- Genre: Drama
- Written by: Stanley R. Greenberg
- Directed by: Joseph Hardy
- Starring: Richard Thomas Cliff Gorman George Hearn
- Music by: Maurice Jarre
- Country of origin: United States
- Original language: English

Production
- Executive producer: Edgar J. Scherick
- Producer: Bridget Potter
- Cinematography: Jack Priestley
- Editor: Alan Heim
- Running time: 74 min.
- Production company: Palomar Pictures

Original release
- Network: NBC
- Release: November 6, 1975

= The Silence (1975 film) =

1975 movie about a West Point cadet charged with cheating on an exam

The Silence is a 1975 made-for-TV movie about James Pelosi, a West Point cadet who was charged in 1971 with cheating on an exam. He remained at West Point but was subjected to "The Silence", a policy that ostracized cadets who broke the Cadet Honor Code.

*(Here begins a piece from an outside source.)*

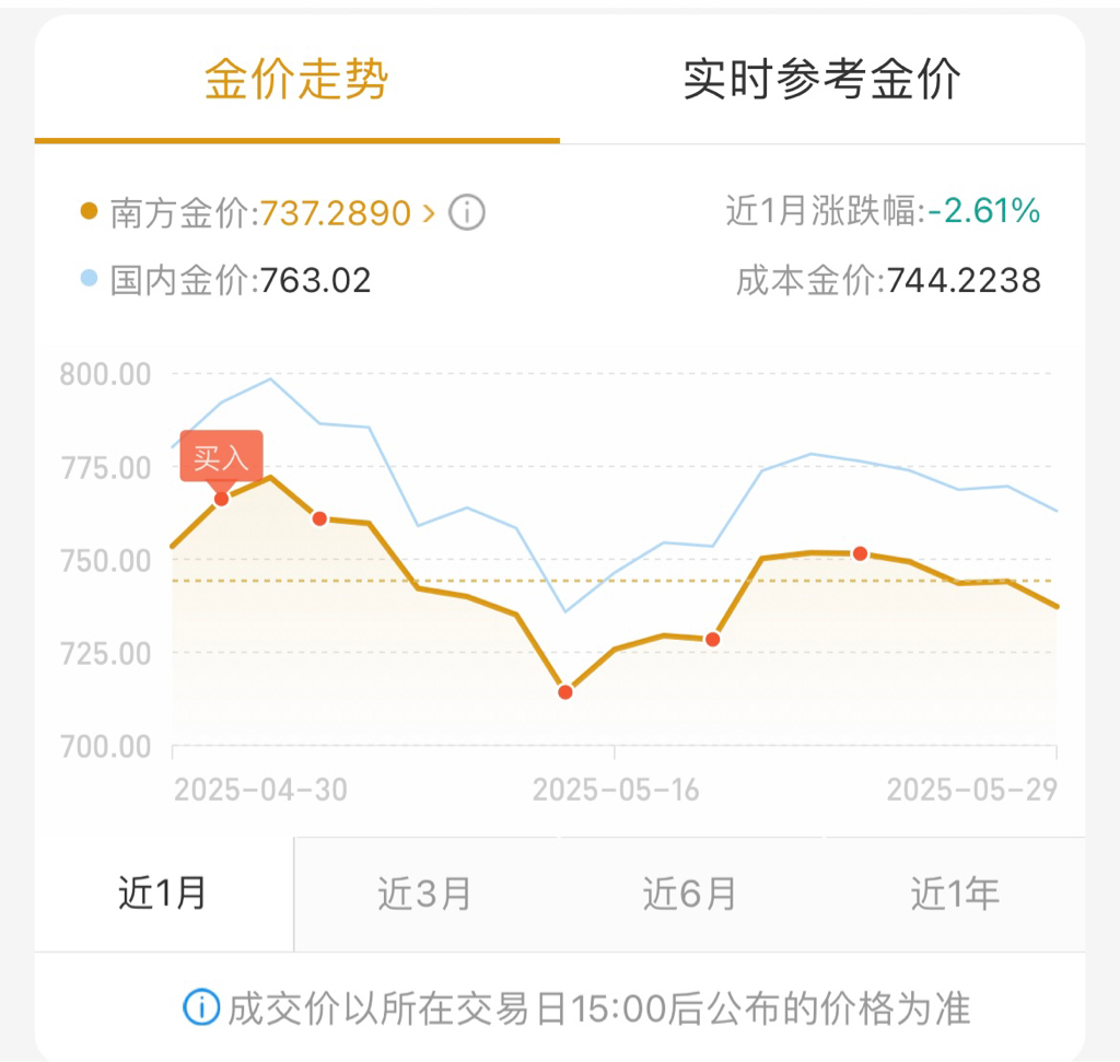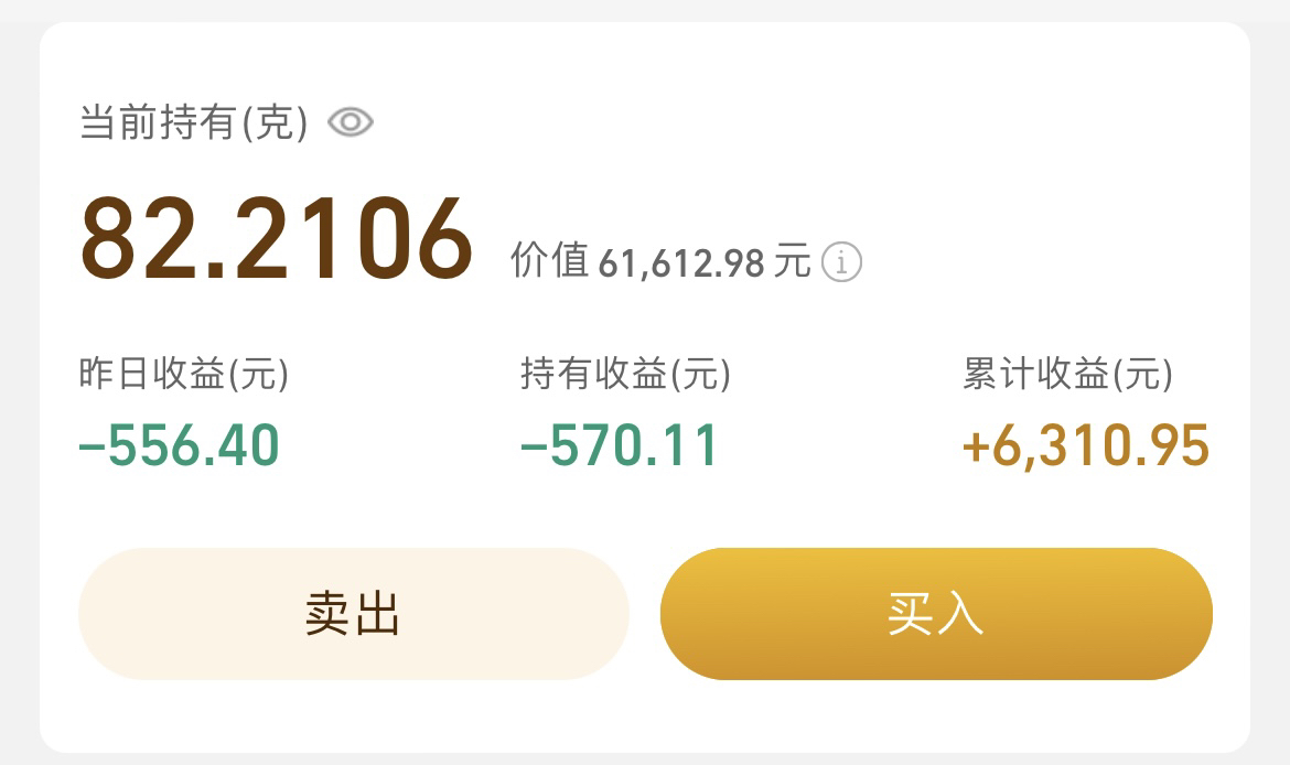 个人为例,目前我持仓大概是6W黄金,短期来看波动加大,个人尽可能地不追涨,有大幅波动跳水前提下,个人果断加仓,比如5月15日直接干了10,000,尽可能地降低持仓成本。

==Alleged cheating incident==
During his junior year at the United States Military Academy at West Point, Cadet Pelosi was accused of cheating on an exam. He was found guilty by the cadet honor committee. Although the officers’ review board's committee exonerated him, his fellow cadets imposed "The Silence" anyway. At the time, West Point's "Honor Instruction" stated that a cadet who broke the Honor Code and did not leave the academy "will not be allowed to have roommates. He will eat at a separate table. He will be addressed only on official business and then as Mister." Pelosi endured "The Silence" for 19 months until he graduated from West Point in 1973.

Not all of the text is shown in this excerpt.